Cumhuriyet Gazetesi Yazarı Hikmet Çetinkaya dün köşesinde gazetenin imtiyaz sahibi İlhan Selçuk'la yaptığı görüşmeyi yazdı. Çetinkaya'nın Selçuk'un anlattıklarını okuyunca ister istemez akıllara "İlhan Selçuk değişti mi?" sorusunu getirdi. Çetinkaya, İlhan Selçuk'a Cumhuriyet'in yayın çizgisini, sivil vesayeti, iktidar-asker ve medya ilişkisini ve Cumhuriyet'in hem imtiyaz sahibi hem de başyazar: olarak, askeri darbelere ve baskıcı otoriter tek partili rejimlere nasıl baktıklarını sormuş. İşte o sohbetten akılda kalanlar.
"Temel hak ve özgürlüklerin olmadığı, basının teksesli hale getirilmek istendiği bir ülkede demokrasiden ve özgürlüklerden söz edilemez. Biz Cumhuriyet gazetesi olarak ne askeri vesayeti ne de sivil vesayeti sahipleniriz. Askeri vesayeti ortadan kaldıralım derken, bir bakarsınız sivil baskıcı bir rejimin vesayeti altına girmişiz. O zaman ne yapacağız?

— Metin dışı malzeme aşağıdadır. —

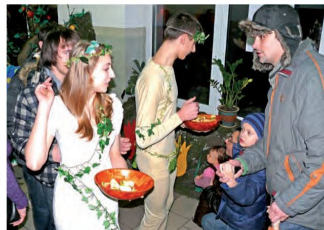
Już przy wejściu do szkolnej sali gimnastycznej można było oglądać pierwsze sceny jasełek

Biz demokrasiden ve özgürlüklerden yana tarafız."
"Biz tüm partilere eşit uzaklıkta duracağız. AKP'li bakanlarla da görüşeceğiz, Başbakan Erdoğan'a da, Cumhurbaşkanı Gül'e de. CHP lideri Baykal'a da ve MHP lideri Bahçeli'ye de.. BDP'lilerle de...
Biz ne bir siyasi partiyiz, ne de demokratik kitle örgütüyüz. Haberde yayın çizgimiz belli. Temel hak ve özgürlükleri savunuyoruz. AKP'ye karşı muhalif çizgimizi komyacağız. Irk ayrımcılığına karşıyız. Daha demokratik ve daha özgür bir Türkiye'den yanayız.
"Atatürkçülük ve ulusalcılık adı altında şoven milliyetçilik yapılıyor. Bu yanlış; Atatürk'ün milliyetçiliği şovenizm değil, kültür milliyetçiliğidir. Bir de sandıkla gelen sandıkla' gider. Türkiye'nin geleceği asker-sivil baskıcı rejimlerde değil, demokrasidedir. Bugün yaşadığımız sorunlara sınıfsal temelde bakmak zorundayız."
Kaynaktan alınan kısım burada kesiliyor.